Antalya yolu uzun olduğu için, her iki şoförle birlikte gitmeye karar verdim.

Yolu hesapladık. Tam gala zamanından yarım saat önce tiyatroda olacak biçimde bir öğlen vakti, Ankara'dan yola çıktık.

Afyon'a vardığımızda İkbal tesislerinde bir mola verdik. (Vermez olaymışım!)

Şoförlere bir çay içme ve nefes alma olanağı tanıdım.

Tekrar yola koyulduk.

Bu arada Ankara'dan çıkarken de, yolda da, Ankara-Antalya yolunu bilip bilmediklerini bir-iki kez sordum. Her ikisi de bildiklerini söylediler.

Onun üzerine yolla hiç ilgilenmedim.

Akşam saat 19.00 dolayında Antalya İl Kültür Müdürü Musa Seyirci, otomobil telefonundan aradı ve Antalya'ya girmek üzere olmamız gerektiğini söyleyerek, nerede olduğumuzu sordu.

Ben de şoförlere sordum. "Kütahya'dayız" yanıtı aldım ve otomatik olarak telefona "Kütahya'dayız" cevabını aktardım.

Müdür, kısa bir sessizlikten sonra, "Sayın Müsteşarım, Kütahya'da ne yapıyorsunuz?" diye sorunca, aniden ben de olmamamız gereken bir kentte bulunduğumuzu fark ettim.

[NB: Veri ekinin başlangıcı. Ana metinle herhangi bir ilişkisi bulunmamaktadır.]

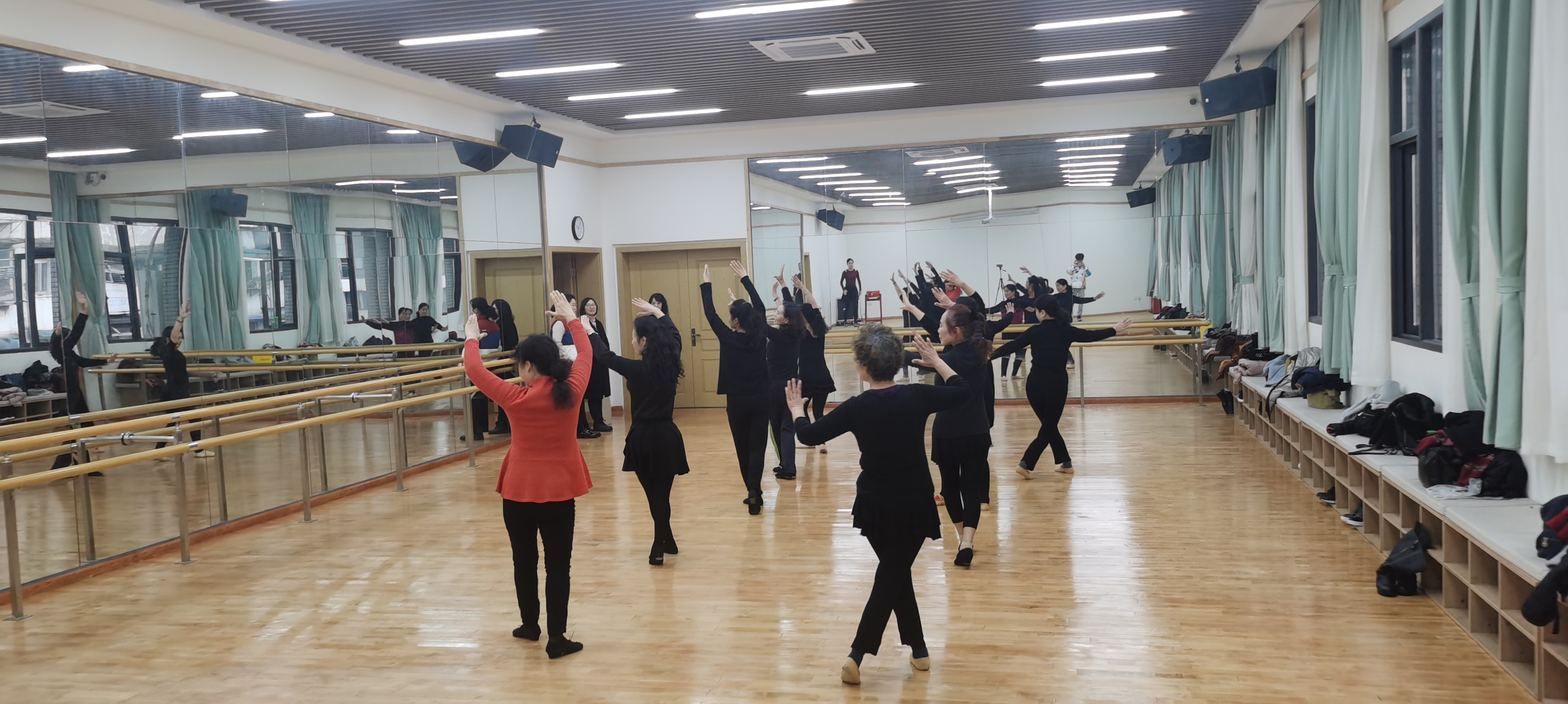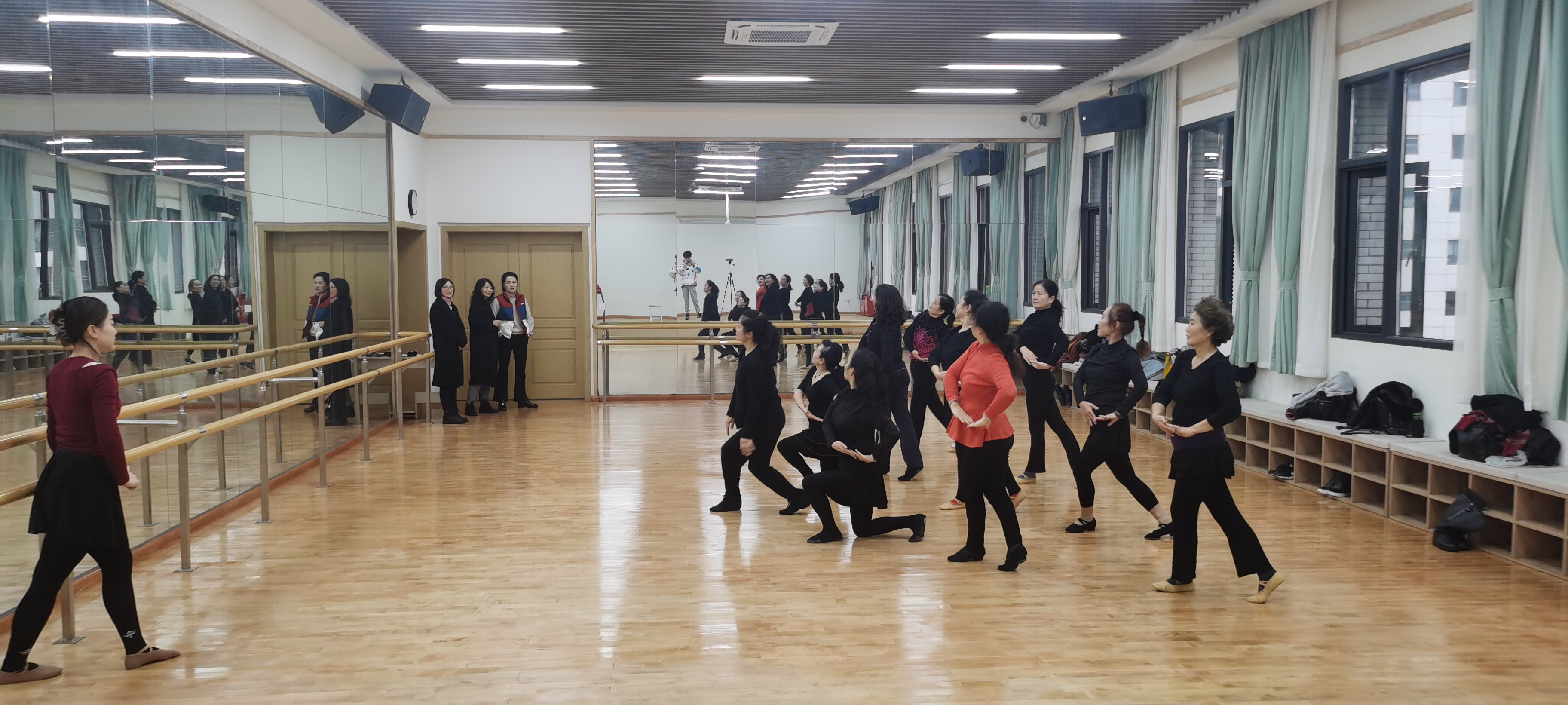 由贵州省社区教育指导服务中心副主任涂雪霏(主持工作)带领本部门教职工对节目进行审查,第六个节目是由2019民舞(1)班带来的《两座山》。进入A501教室,出现在我们面前的是 站着整齐的老年学员,其优美的舞姿,无不展现学员们对舞蹈的热爱。
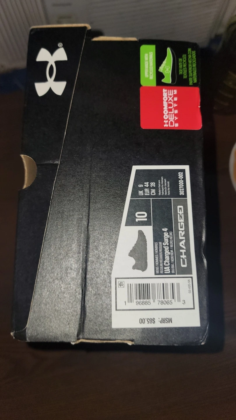 Selling a pair of Under Armour Charged Rogue 4 running shoes in size 10. They are in great condition and come with the original box. The MSRP on the box says $65.00. These shoes are perfect for running or everyday wear!
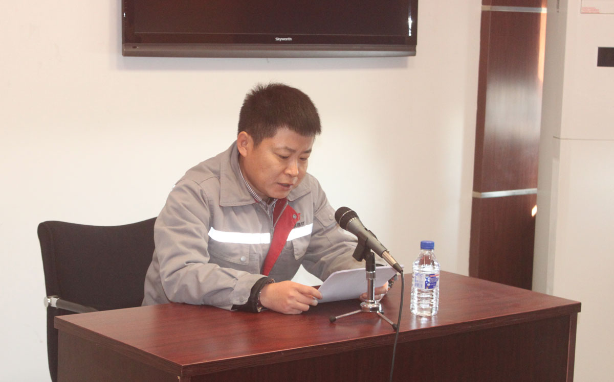 会议首先由公司总经理助理吕鹏飞做2018年四季度经营工作报告,吕总对2018年经营工作进行了全面总结,对2019经营工作形势进行了分析、动员和部署。随后公司副总经理赵文学宣读2019年车间、部门生产经营责任书主要内容,制造车间主任王兴志、生产技术部经理孔详勇、营销部经理郭阳分别对2019年工作进行表态发言。
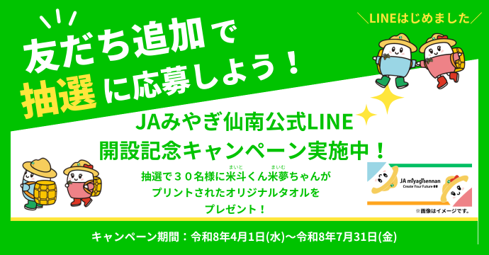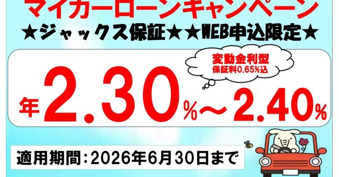 暮らし応援キャンペーン2026「ローン」! 2026年1月1日(水)~2026年4月30日(木)までマイカーローン、教育ローン、(証書型・カード型)の特別金利実施中!詳しくはチラシまたは支店窓口へお問い合わせください。 ★仮申し込みはこちらから
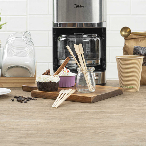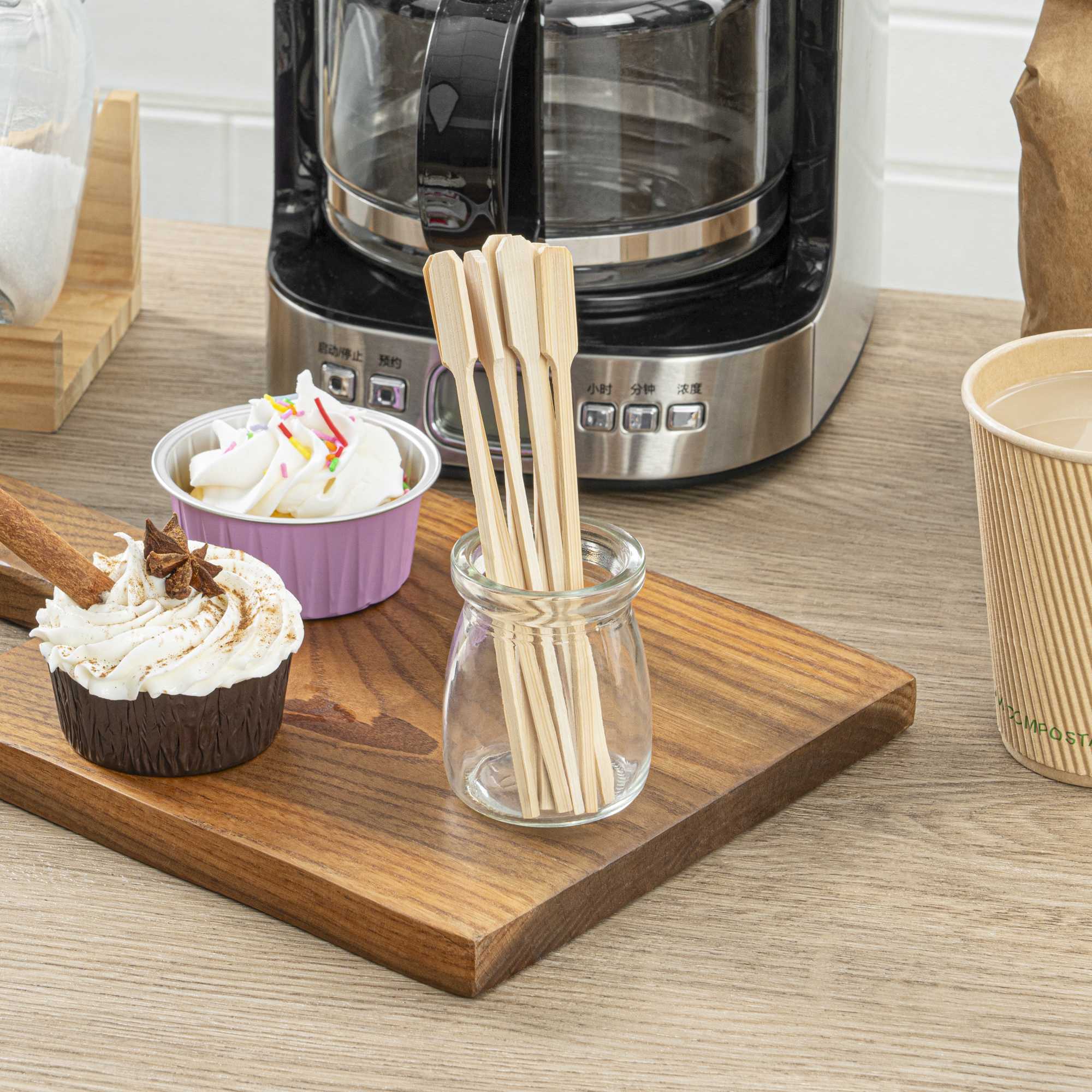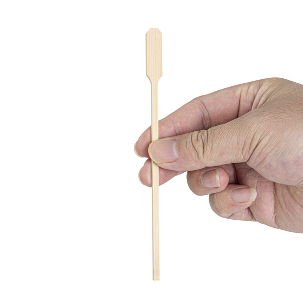Provide the perfect addition to your coffee station with our Restpresso Natural Bamboo Paddle Coffee Stirrer. These high-quality stirrers have a paddle handle, which is comfortable to hold while stirring both hot and cold drinks. Made from premium bamboo, these recyclable coffee stirrers are durable and don't get flimsy. These coffee swizzle sticks are suitable for hot and cold beverages. The smooth finish ensures that they won't splinter or snap during use. To reduce your carbon footprint, these bamboo swizzle sticks are biodegradable. These bamboo coffee stirrers measure 6 inches in length, making them ideal for all kinds of cups. Shipped in a 1000 count box, making them a great choice for hotels, restaurants, and bars. This item will only degrade outside of the traditional solid waste stream.

Bizim iki şoför, Afyon'dan çıkarken, sola Antalya yoluna sapacaklarına düz gitmişler ve biz kendimizi Kütahya'da bulmuşuz! Çift şoförle yolda kaybolan Müsteşar!

Çift şoförle yanlış yola gittiğimize mi yanayım, Ataol'un oyununu göremediğime mi?

Antalya'ya vardığımızda saat gecenin 10'u olmuştu. Oyun bitmiş, Valinin de katıldığı kokteyl başlamıştı.

Antalya Valisi, Mülkiye'den sınıf arkadaşım Saim Çotur idi.

Altın kalpli, yetenekli ve becerikli bir yöneticiydi Saim.

Olayı duymuş. Gülmekten katılıyordu.

Kıssadan hisse: Her bürokrasi, en yeteneksiz elemanı kadar etkindir.

Ya da daha şiirsel bir deyişle, her bürokrasi zincirinin etkinliği ve gücü, en kötü memurunun oluşturduğu baklanın zayıflığı ile sınırlıdır.